Author: Albert S. Cook

Release Date: December 30, 2004 [EBook #14529]

Language: English and Old English







Produced by David Starner, Ben Beasley and the Online Distributed
Proofreading Team






Yale Studies in English
Albert S. Cook, Editor
LXIII
The
Old English Physiologus
Text and Prose Translation
by
Albert Stanburrough Cook
Professor of the English Language and Literature in Yale University
Verse Translation
by
James Hall Pitman
Fellow in English of Yale University
New Haven: Yale University Press
London: Humphrey Milford
Oxford University Press
MDCCCXXI
[Facsimile]

Preface

The Old English Physiologus, or Bestiary, is a series of three brief poems, dealing with the mythical traits of a land-animal, a sea-beast, and a bird respectively, and deducing from them certain moral or religious lessons.

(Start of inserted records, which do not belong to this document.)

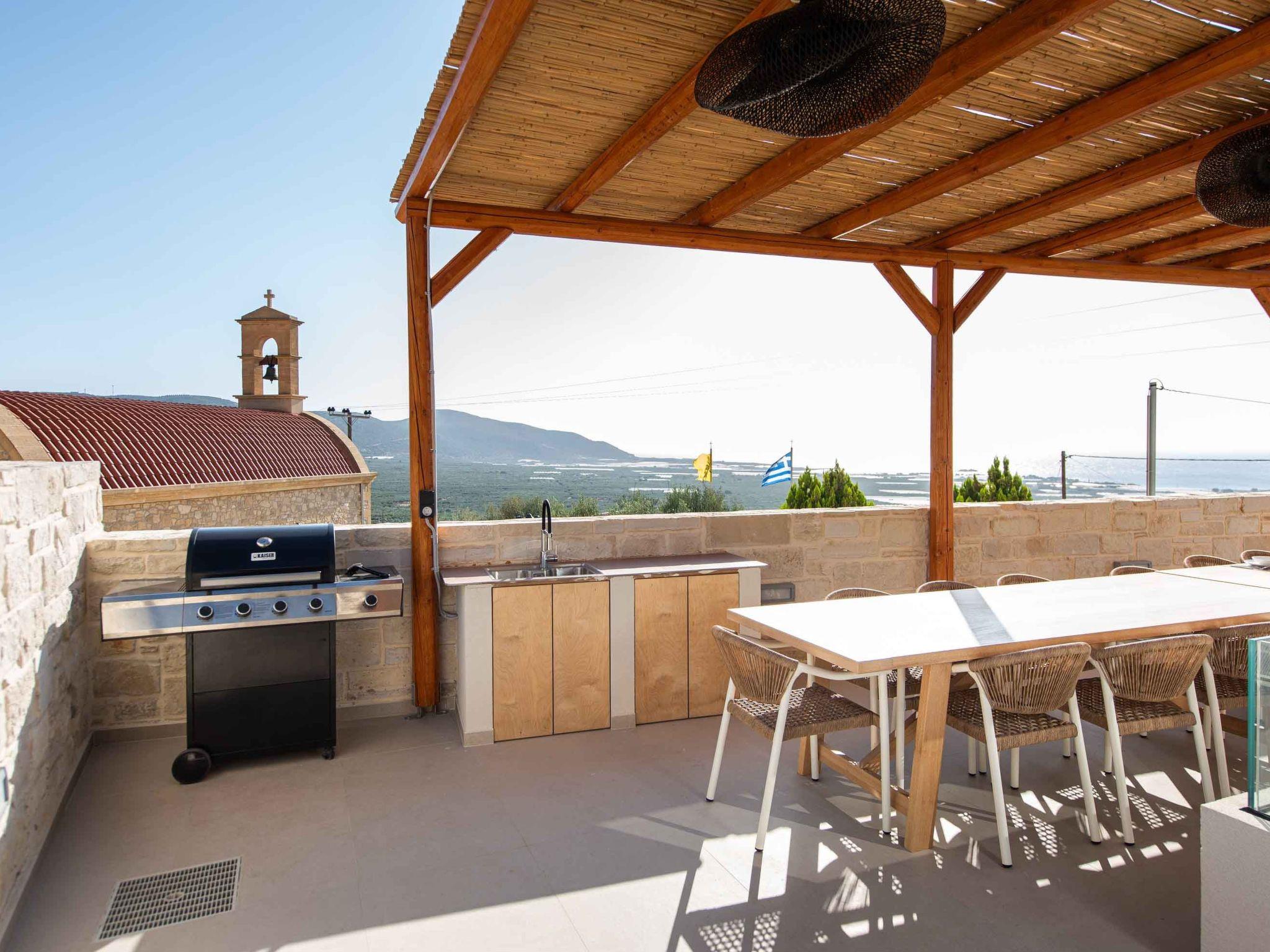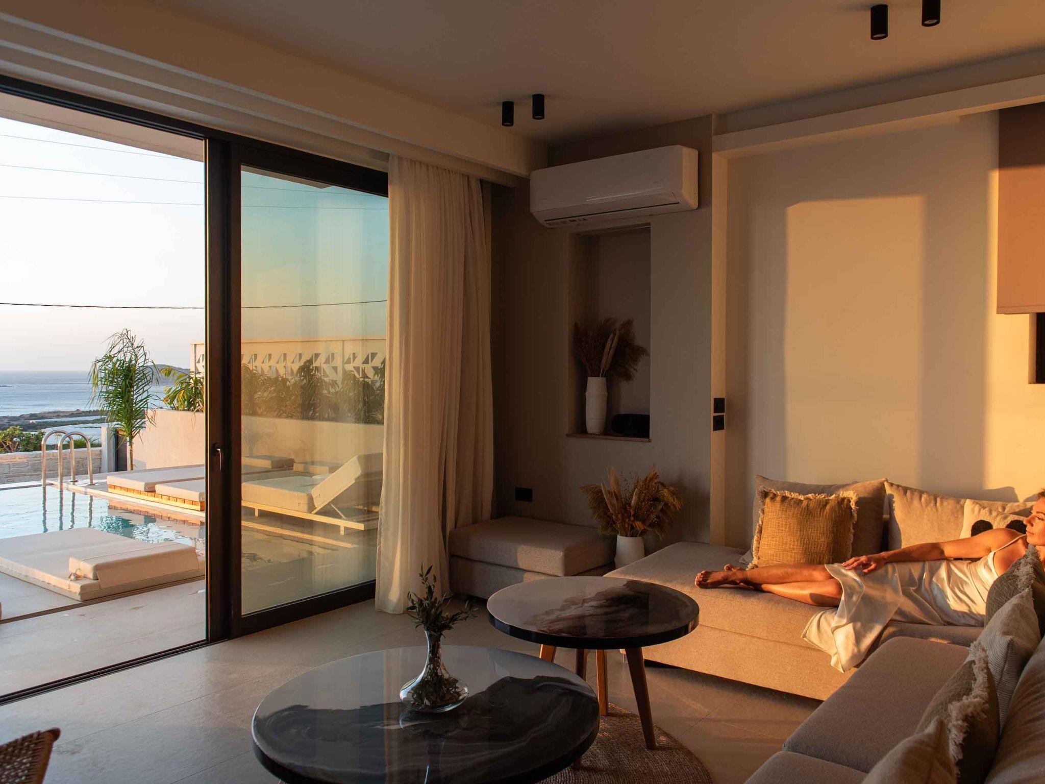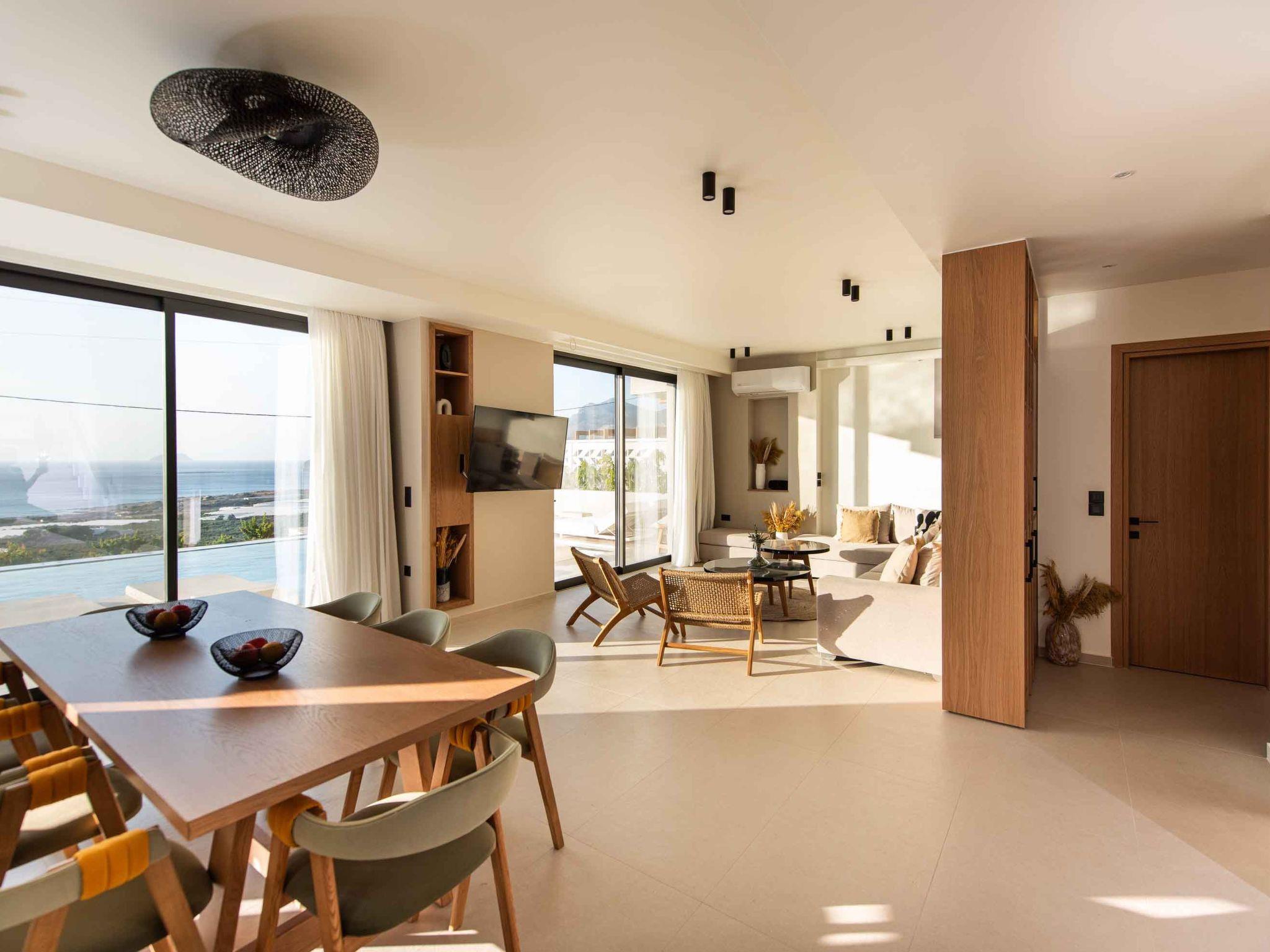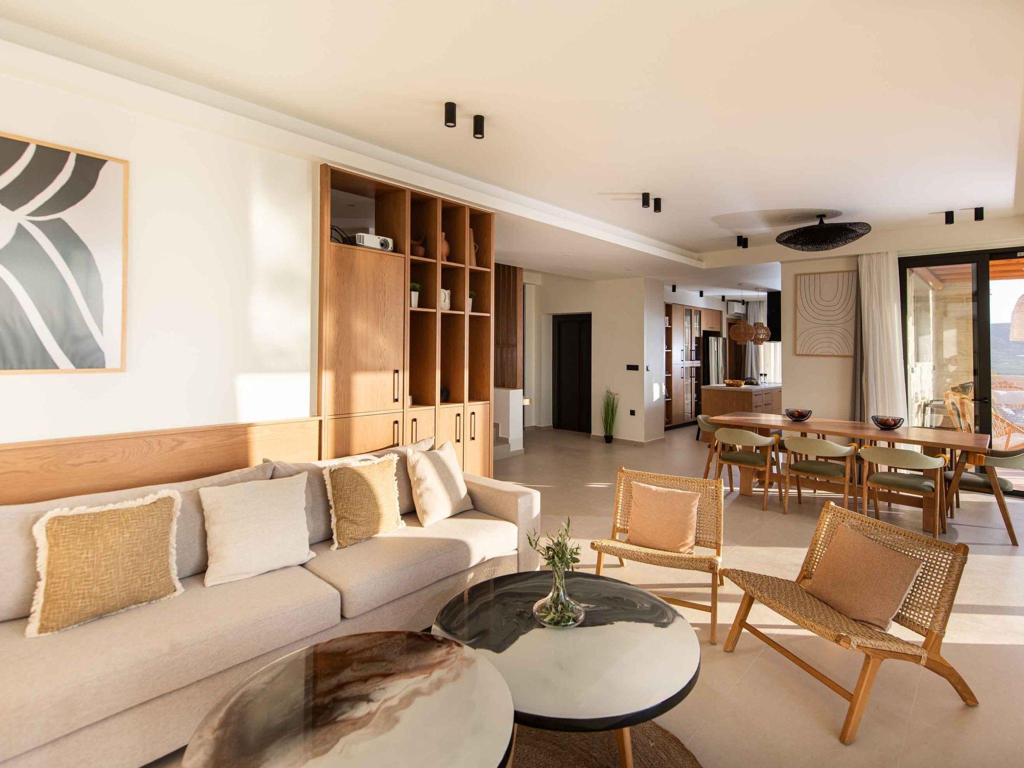 Is there a better place for you during summer vacation rather than lying by the pool and having your tanning session? The private garden lawn is suited for sunset drinks and a swimming pool with a lounge area with sofas make the ideal spot to relax. Pretty close to the pool area exists a dining table for 16 guests for moments of relaxation for you and your family. Fire up the grill and gather together for an alfresco meal under the pergola as the stars come out one by one. sunbeds to enjoy the Cretan sun and the little things that will impress you. Cool and contemporary, this stylish vacation property offers wonderfully appointed outdoor spaces and sleek and stylish interiors.
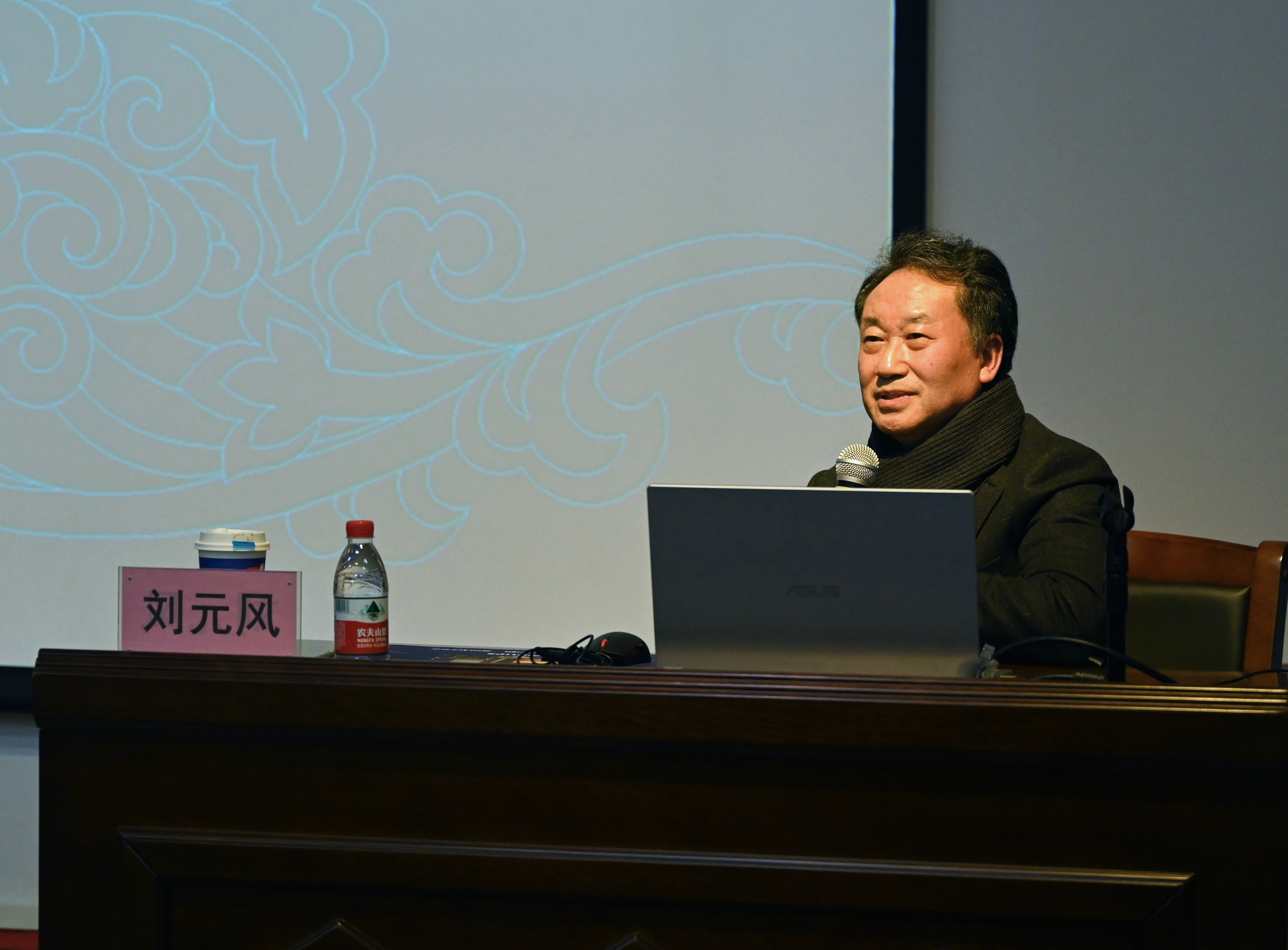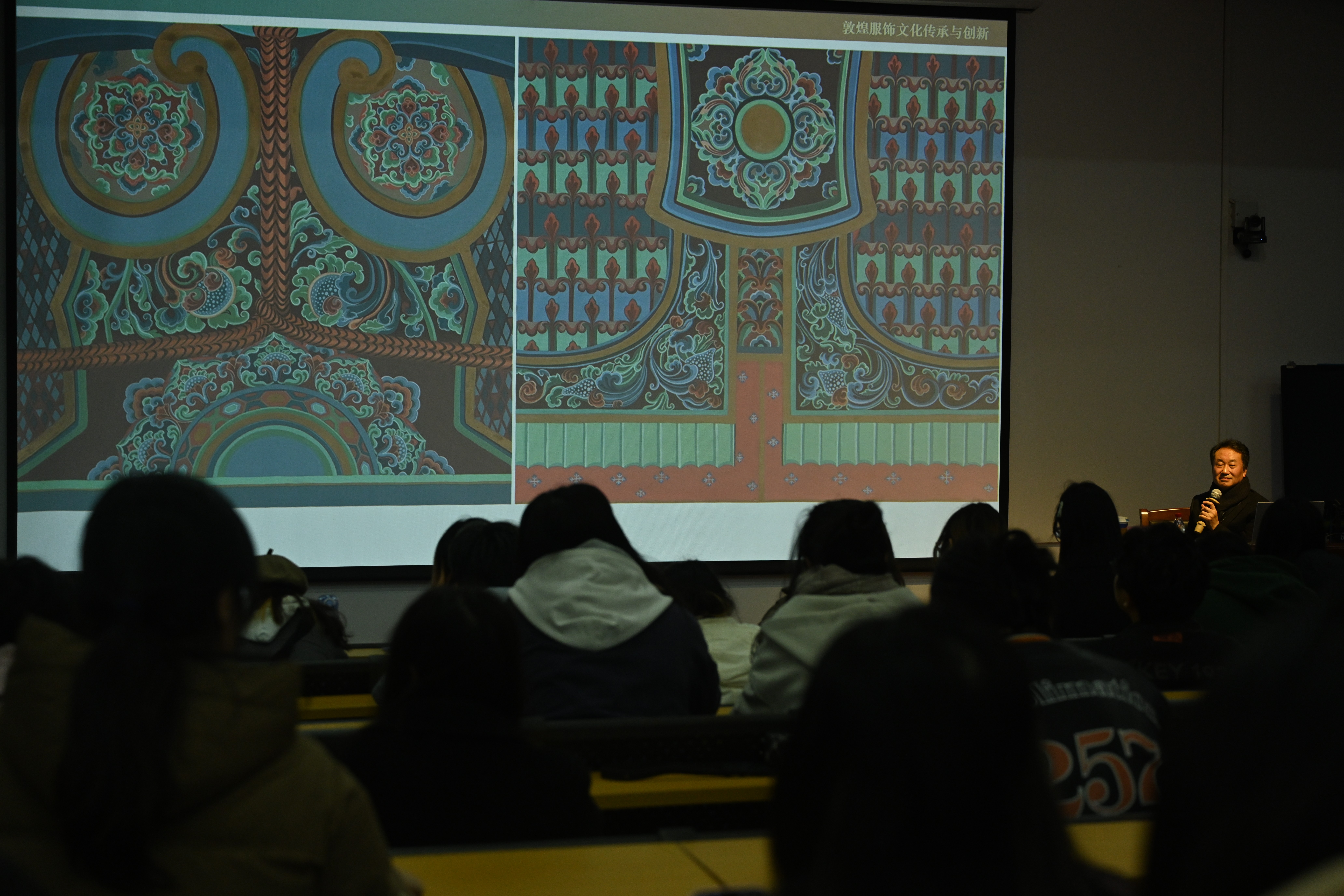 讲座伊始,刘元风教授以一张老照片讲述曾经求学的历程引入讲座内容。他通过展示与敦煌有关的图案以及敦煌彩窟菩萨裙饰在现代布料与现代服装上的应用,讲述他运用敦煌纹样设计的作品参加香港时装文化节,运用莫高窟盛唐第31窟藻井图案中的汲取元素所设计的工作服等丰富的工作经历,具体讲解了敦煌服饰的艺术与传承。
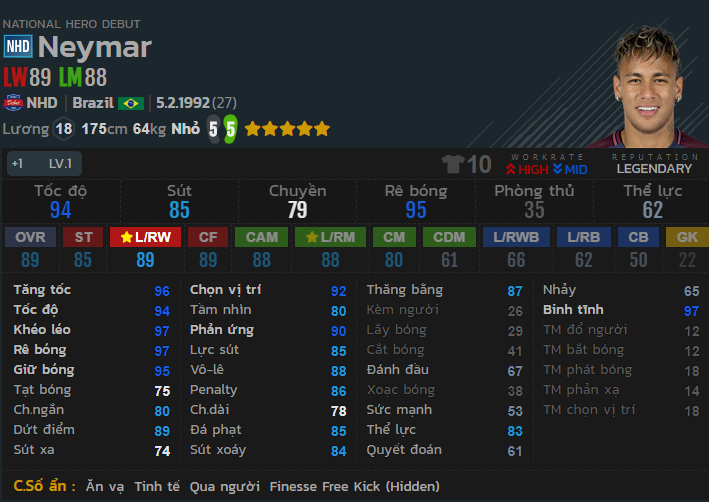 Một trong những tiền đạo nổi tiếng và tài năng bậc nhất. Được sử dụng khá rộng rãi bởi các game thủ Hàn quốc. Neymar là mẫu tiền đạo cánh tiêu chuẩn bởi tốc độ 94, bứt tốc 96 và có cảm giác việc tăng tốc vận hành rất trơn tru và ổn định . Khả năng rê dắt bóng là cực kì mượt mà có thể làm khốn đốn mọi cầu thủ theo kèm.

These three creatures are selected from a much larger number treated in a work of the same name which was compiled at Alexandria before 140 B. C., originally in Greek, and afterwards translated into a variety of languages—into Latin before 431. The standard form of the Physiologus has 49 chapters, each dealing with a separate animal (sometimes imaginary) or other natural object, beginning with the lion, and ending with the ostrich; examples of these are the pelican, the eagle, the phoenix, the ant (cf. Prov. 6.6), the fox, the unicorn, and the salamander. In this standard text, the Old English poems are represented by chapters 16, 17, and 18, dealing in succession with the panther, a mythical sea-monster called the asp-turtle (usually denominated the whale), and the partridge. Of these three poems, the third is so fragmentary that little is left except eight lines of religious application, and four of exhortation by the poet, so that the outline of the poem, and especially the part descriptive of the partridge, must be conjecturally restored by reference to the treatment in the fuller versions, which are based upon Jer. 17. 11 (the texts drawn upon for the application in lines 5–11 are 2 Cor. 6. 17, 18; Isa. 55.7; Heb. 2. 10, 11).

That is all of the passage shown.